- TRY IT
Beginning at the line that contains "Freedome 用户可以连接到美国、英国、芬兰、德国和瑞典的服务器。", reproduce the entries below exactly, ending with the line that contains "9. Пирог перекладываем". Omit each picture.

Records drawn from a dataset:
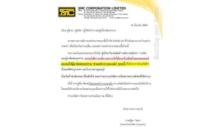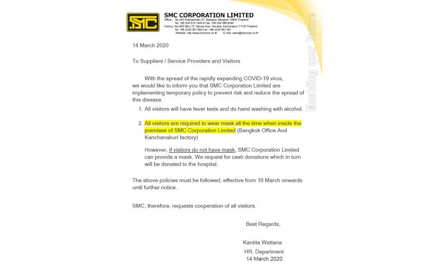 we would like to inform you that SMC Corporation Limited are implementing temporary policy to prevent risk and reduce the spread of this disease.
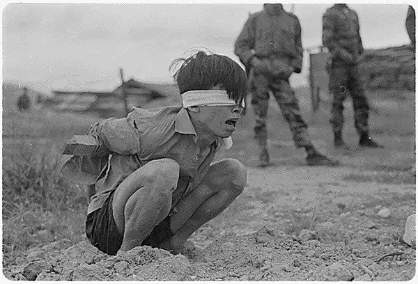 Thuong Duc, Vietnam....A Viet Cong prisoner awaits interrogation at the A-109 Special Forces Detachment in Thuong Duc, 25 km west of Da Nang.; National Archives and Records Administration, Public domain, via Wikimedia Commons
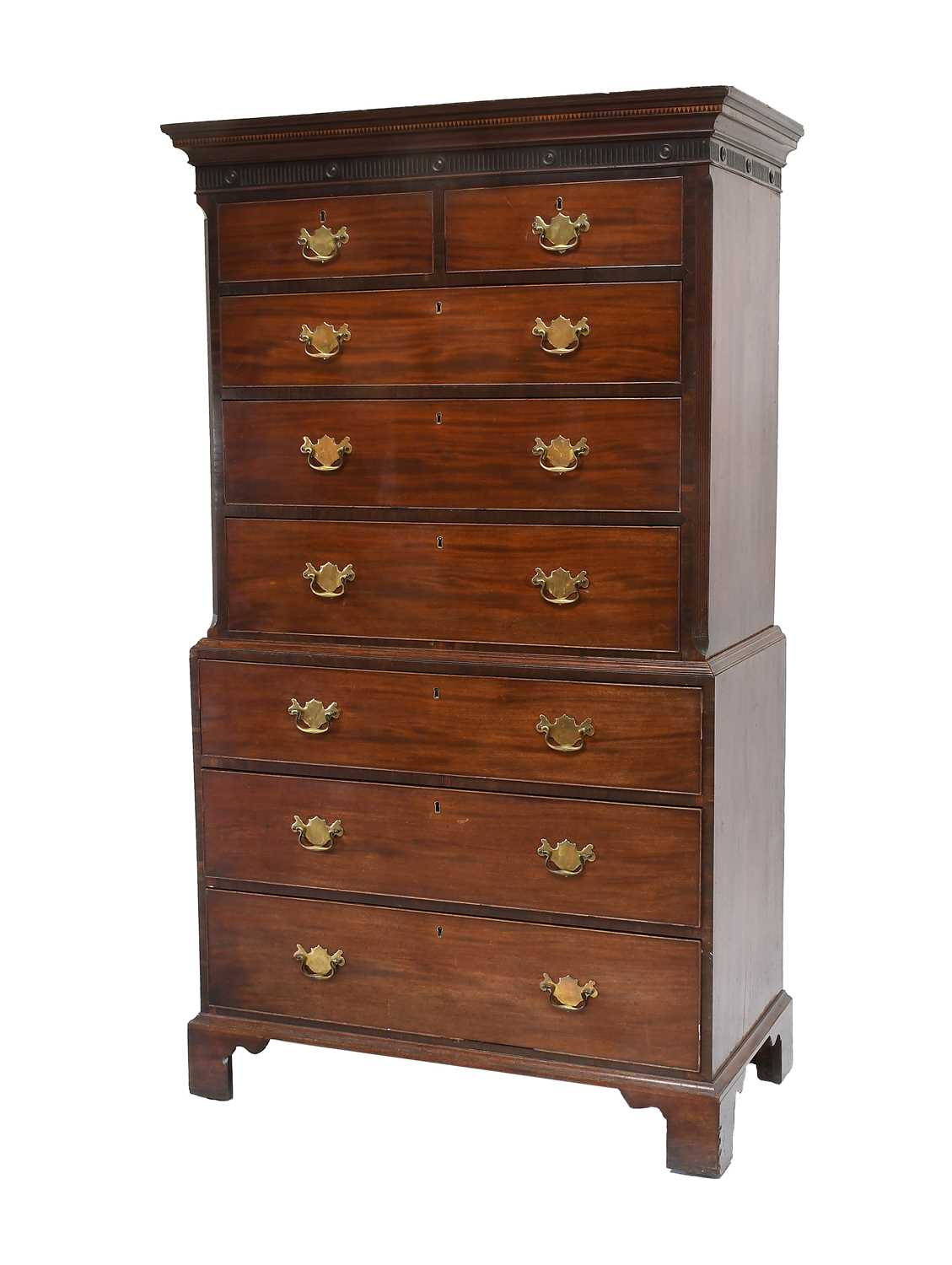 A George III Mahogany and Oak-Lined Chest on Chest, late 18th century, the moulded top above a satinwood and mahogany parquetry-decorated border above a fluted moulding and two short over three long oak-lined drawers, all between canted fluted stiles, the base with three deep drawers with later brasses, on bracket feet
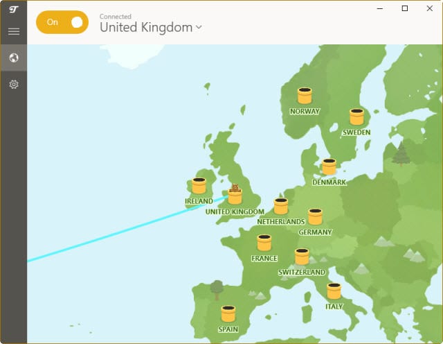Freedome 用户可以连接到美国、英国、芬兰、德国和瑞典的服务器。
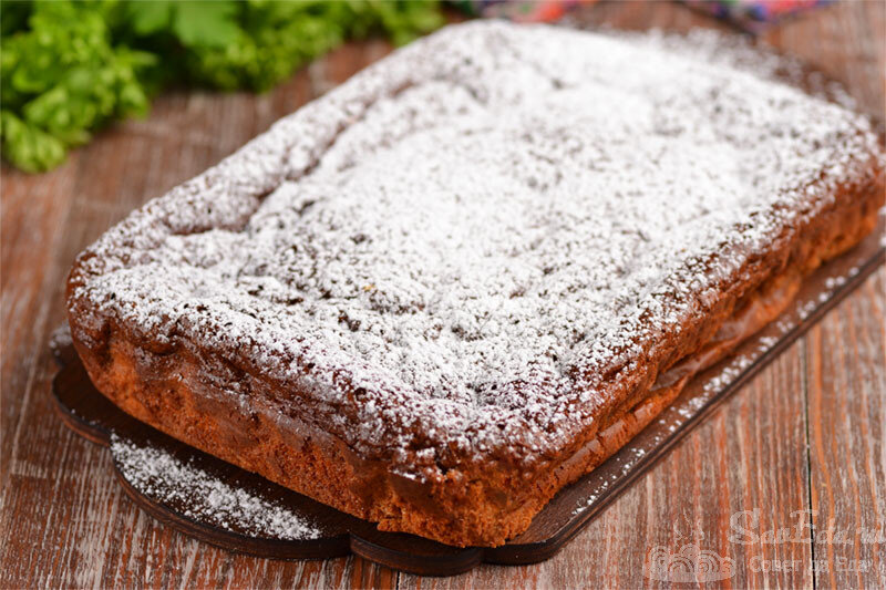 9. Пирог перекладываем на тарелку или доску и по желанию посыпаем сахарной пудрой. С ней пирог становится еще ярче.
==
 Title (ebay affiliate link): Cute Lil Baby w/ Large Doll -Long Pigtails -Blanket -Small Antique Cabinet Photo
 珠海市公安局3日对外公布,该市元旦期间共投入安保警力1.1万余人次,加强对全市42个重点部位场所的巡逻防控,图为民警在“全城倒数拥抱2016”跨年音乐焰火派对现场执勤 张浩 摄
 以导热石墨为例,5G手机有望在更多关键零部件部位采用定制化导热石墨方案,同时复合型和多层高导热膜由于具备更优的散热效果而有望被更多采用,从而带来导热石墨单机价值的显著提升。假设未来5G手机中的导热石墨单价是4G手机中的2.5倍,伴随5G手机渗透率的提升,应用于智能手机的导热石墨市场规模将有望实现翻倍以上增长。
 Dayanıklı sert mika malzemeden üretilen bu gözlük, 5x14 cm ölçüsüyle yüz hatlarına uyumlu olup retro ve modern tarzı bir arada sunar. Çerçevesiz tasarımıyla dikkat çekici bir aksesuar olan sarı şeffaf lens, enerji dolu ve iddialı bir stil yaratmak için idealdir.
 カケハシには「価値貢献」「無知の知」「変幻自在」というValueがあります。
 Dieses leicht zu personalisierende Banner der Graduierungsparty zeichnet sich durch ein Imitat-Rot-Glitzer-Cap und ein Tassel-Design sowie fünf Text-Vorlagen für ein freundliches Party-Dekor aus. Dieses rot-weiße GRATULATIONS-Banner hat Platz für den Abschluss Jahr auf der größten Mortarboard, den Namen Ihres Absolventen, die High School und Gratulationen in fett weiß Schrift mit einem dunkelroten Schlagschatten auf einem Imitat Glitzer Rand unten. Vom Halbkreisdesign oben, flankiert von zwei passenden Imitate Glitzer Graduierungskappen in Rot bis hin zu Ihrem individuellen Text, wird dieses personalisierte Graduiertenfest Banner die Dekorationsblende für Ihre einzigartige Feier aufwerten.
...
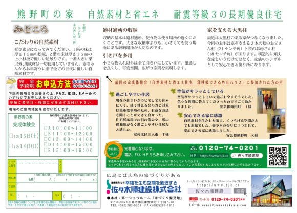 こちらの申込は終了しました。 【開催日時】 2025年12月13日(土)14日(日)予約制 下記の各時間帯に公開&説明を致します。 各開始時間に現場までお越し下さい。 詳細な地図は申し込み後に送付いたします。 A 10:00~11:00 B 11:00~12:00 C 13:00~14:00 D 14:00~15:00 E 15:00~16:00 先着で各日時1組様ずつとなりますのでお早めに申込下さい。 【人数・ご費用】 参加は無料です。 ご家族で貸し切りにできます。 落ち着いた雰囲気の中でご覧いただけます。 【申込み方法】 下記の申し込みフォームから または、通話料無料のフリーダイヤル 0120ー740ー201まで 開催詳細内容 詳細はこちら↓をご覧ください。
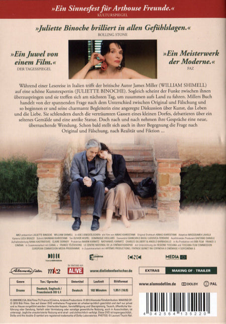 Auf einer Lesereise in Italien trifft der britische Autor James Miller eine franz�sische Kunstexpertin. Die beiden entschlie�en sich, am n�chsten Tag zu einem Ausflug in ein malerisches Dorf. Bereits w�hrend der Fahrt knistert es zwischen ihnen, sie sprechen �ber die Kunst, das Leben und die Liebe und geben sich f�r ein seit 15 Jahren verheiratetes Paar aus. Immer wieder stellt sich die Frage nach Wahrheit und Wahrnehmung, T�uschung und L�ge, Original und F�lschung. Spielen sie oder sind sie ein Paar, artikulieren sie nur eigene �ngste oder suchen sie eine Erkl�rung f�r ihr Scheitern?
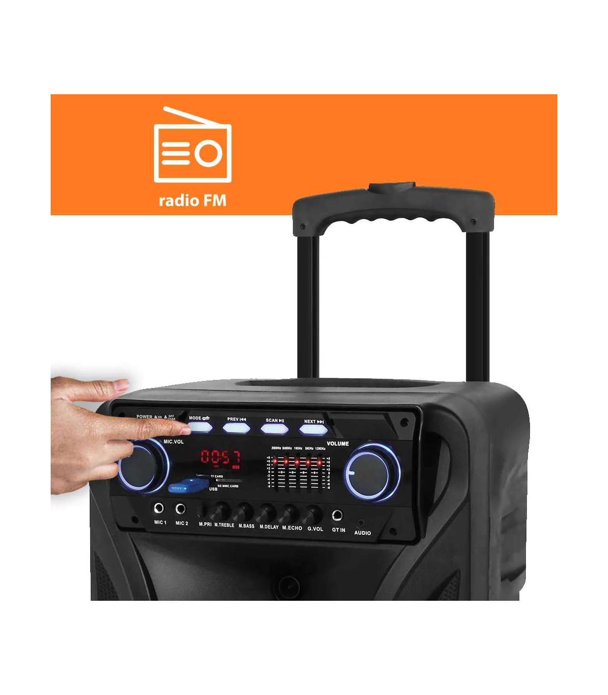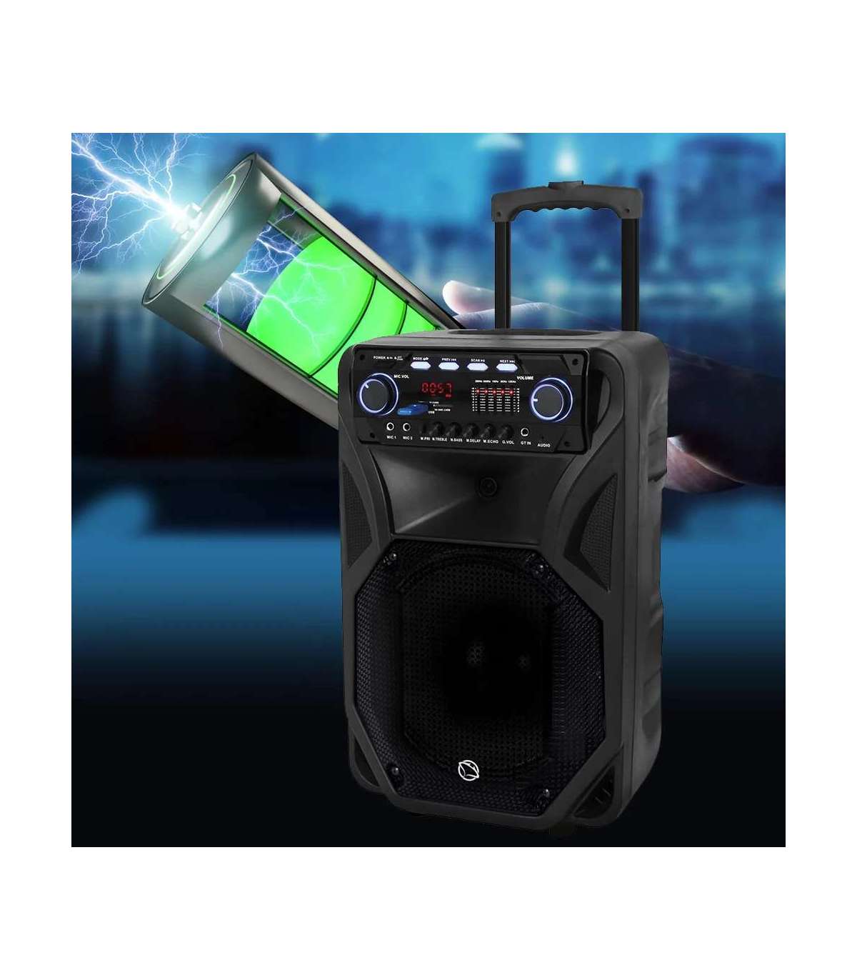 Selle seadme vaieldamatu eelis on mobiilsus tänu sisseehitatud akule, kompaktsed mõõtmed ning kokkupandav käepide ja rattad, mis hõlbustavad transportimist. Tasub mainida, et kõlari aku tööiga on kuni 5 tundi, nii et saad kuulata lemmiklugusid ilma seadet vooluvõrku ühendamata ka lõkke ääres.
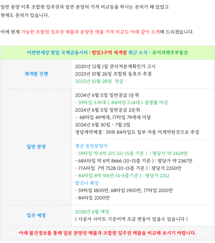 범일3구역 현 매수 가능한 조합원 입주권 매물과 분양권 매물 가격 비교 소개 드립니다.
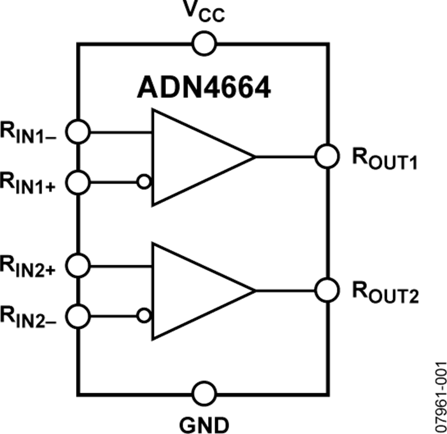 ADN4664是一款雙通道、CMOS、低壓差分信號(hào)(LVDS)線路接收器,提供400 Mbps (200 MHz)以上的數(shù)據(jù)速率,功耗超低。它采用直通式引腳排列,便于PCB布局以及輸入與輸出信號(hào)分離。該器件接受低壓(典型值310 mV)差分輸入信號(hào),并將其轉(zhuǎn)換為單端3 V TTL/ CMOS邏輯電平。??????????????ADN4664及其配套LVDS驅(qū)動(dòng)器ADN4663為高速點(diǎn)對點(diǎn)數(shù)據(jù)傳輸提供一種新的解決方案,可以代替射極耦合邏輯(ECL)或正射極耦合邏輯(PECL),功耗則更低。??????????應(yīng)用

- ANSWER TO THE EXERCISE
Freedome 用户可以连接到美国、英国、芬兰、德国和瑞典的服务器。
 9. Пирог перекладываем на тарелку или доску и по желанию посыпаем сахарной пудрой. С ней пирог становится еще ярче.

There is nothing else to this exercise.